Publications

Nanomedicine has emerged as a transformative approach in oncology, offering promising advances in cancer diagnostics, targeted therapy, and personalized treatment. Despite its immense potential, concerns regarding the toxicological profile, biosafety, and regulatory approval of nanomedical formulations remain significant barriers to clinical translation. This review provides a comprehensive analysis of the toxicological implications and regulatory considerations associated with nanomedicine use in oncology.
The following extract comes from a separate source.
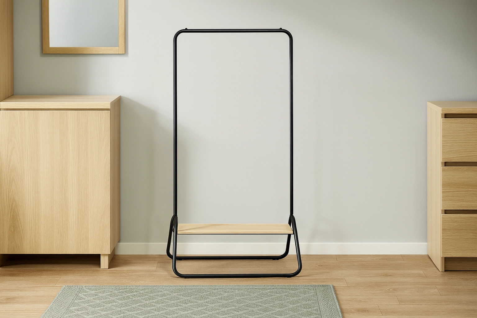 Ohranite red z minimalističnim stojalom, ki združuje funkcionalnost in sodoben videz. Črna kovina v kombinaciji z lesnim dekorjem se poda v vsak interier – od modernega do klasičnega. Zahvaljujoč prostostoječi konstrukciji ga zlahka postavite tja, kjer ga trenutno potrebujete.

It discusses the pharmacokinetics, biodistribution, immunogenicity, and potential cytotoxicity of various nanocarriers, including liposomes, dendrimers, metallic nanoparticles, and polymeric nanostructures. The review highlights the challenges in evaluating long-term safety due to the unique physicochemical properties of nanoparticles, such as size, shape, surface charge, and coating. Furthermore, we examine the current regulatory frameworks adopted by agencies like the FDA and EMA, focusing on preclinical evaluation, Good Manufacturing Practices (GMP), clinical trial design, and post-marketing surveillance. Case studies of approved nano-oncology drugs such as Doxil® and Abraxane® are presented to elucidate the pathway from bench to bedside. The article underscores the urgent need for standardized toxicity testing protocols, harmonized regulatory guidelines, and multidisciplinary collaboration to ensure the safe and effective integration of nanomedicine into routine oncologic care. As the field advances, addressing these toxicological and regulatory challenges will be crucial to harnessing the full therapeutic potential of nanotechnology in cancer treatment.